- Directions:
The reply must contain exactly the lines below from the one with "また、子どもの部活動の発表会" down to the one with "Diese in den", both included, and nothing more; please omit the pictures.

====== Source material ======

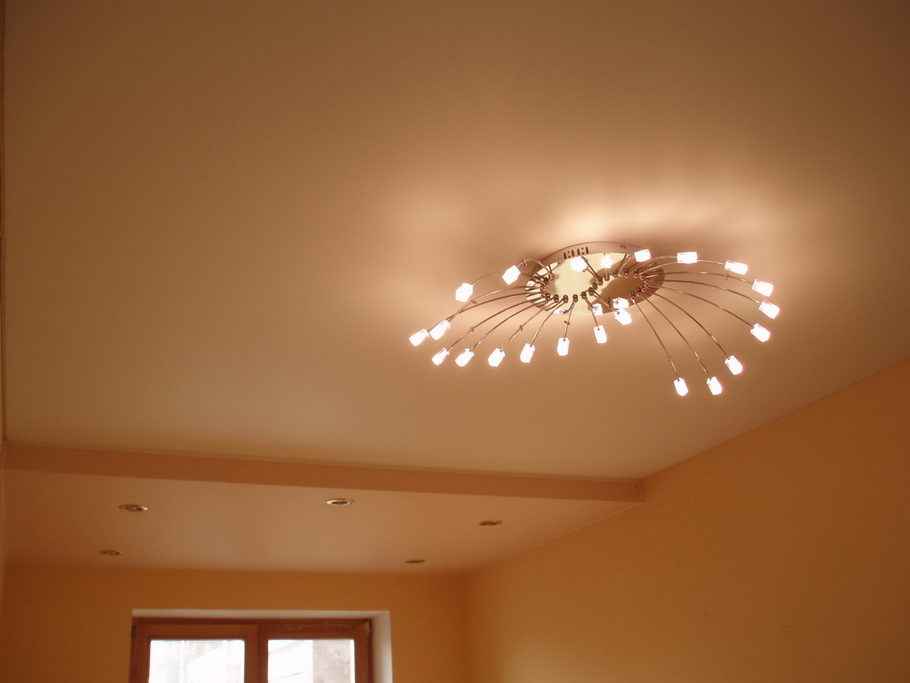 ขึ้นอยู่กับขนาดของห้อง ตัวอย่างเช่นหากพื้นที่ของห้องมีขนาดตั้งแต่ 9 ถึง 12 ตารางเมตรมันเหมาะสมที่จะติดตั้งโคมระย้าคลาสสิกหนึ่งตัวที่กึ่งกลาง หากสามารถติดตั้งไฟส่องสว่างได้การติดตั้งจะใช้เวลาไม่นาน เพียงแค่ต้องจำไว้ว่าบาง บริษัท ที่มีส่วนร่วมในการติดตั้งผ้าใบฟรีติดตั้งติดตั้งไฟหนึ่ง
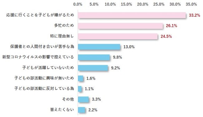 また、子どもの部活動の発表会や試合を見に行かないと回答した184名を対象に、見に行かない理由を質問したところ、最多回答は「応援に行くことを子どもが嫌がるため(33.2%)」、次に「多忙のため(26.1%)」、「特に理由無し(24.5%)」と続きました。
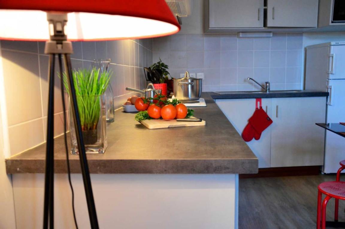 Diese in den Farben von Byrrh dekorierte Wohnung verfügt über eine private Terrasse mit Blick über die Dächer der Stadt: Der Horizont reicht bis zum Canigó-Massiv.
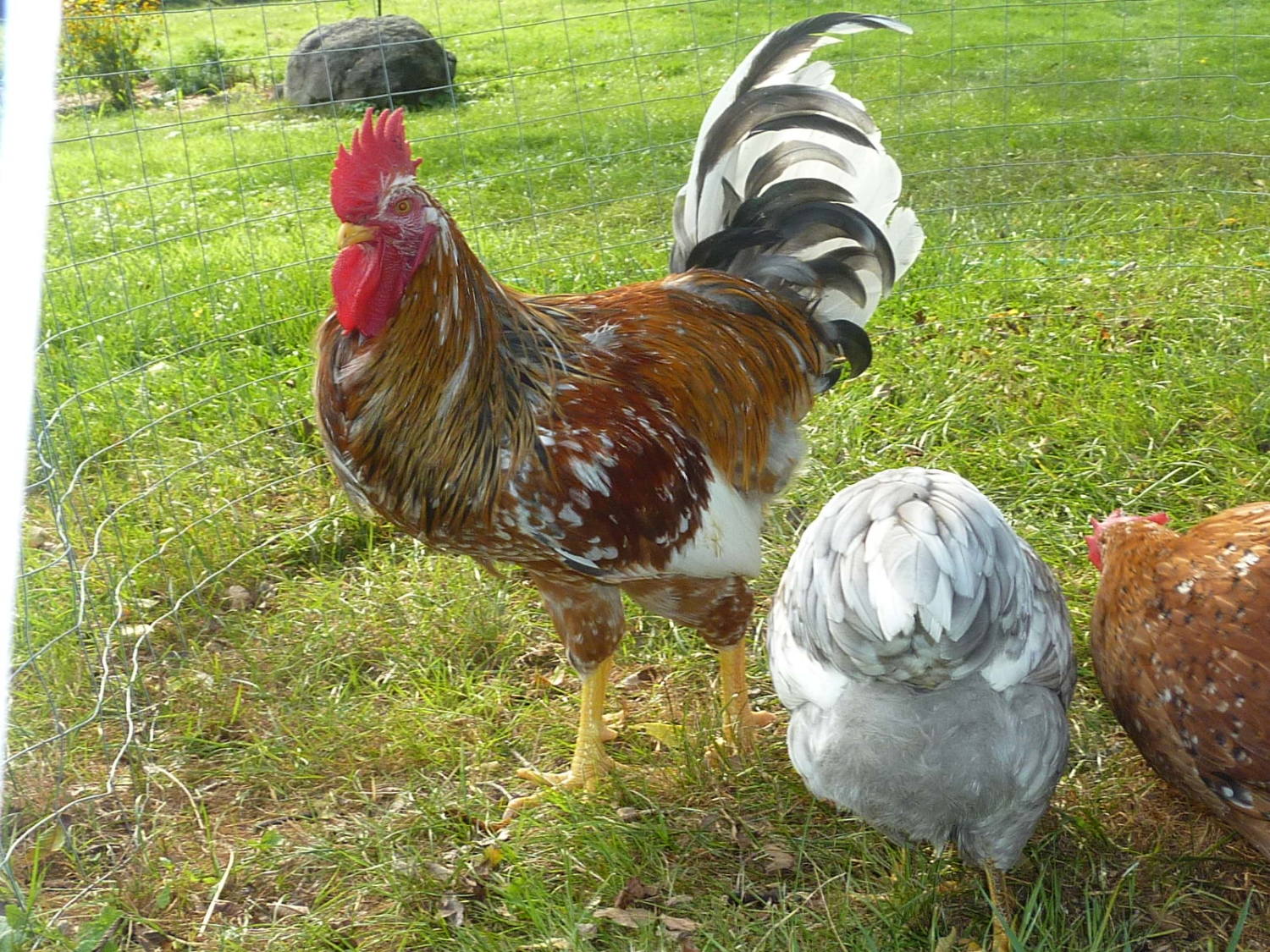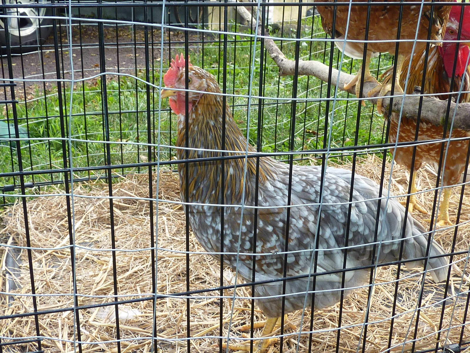 so I'm giving her some treatments and I expect she will recover.I'm glad you found your chick! I know how you feel. A few weeks ago we were gone most of day helping some friends. It was the first time we had been gone for very long since putting up the electric poultry fence and letting them free-range. When we got home, both of my EE pullets were missing. We could find no trace of them, not even a feather. We thought it would have had to have been a hawk. I could hear bird cries in the trees across the street by the creek, but I wasn't sure if they were chicken. I had given up looking and was just praying they would show up when dusk came. Then I heard a noise from one of my SFH rooster pens. When I looked, both of my pullets were up on the roost just as happy as could be. They had found a hole. I have found them in there several times since then. I guess they like the SFH roos better than the Ameraucana and OE roos that they run with!OK, this is crazy weird.

======

- Answer to this exercise:
 また、子どもの部活動の発表会や試合を見に行かないと回答した184名を対象に、見に行かない理由を質問したところ、最多回答は「応援に行くことを子どもが嫌がるため(33.2%)」、次に「多忙のため(26.1%)」、「特に理由無し(24.5%)」と続きました。
 Diese in den Farben von Byrrh dekorierte Wohnung verfügt über eine private Terrasse mit Blick über die Dächer der Stadt: Der Horizont reicht bis zum Canigó-Massiv.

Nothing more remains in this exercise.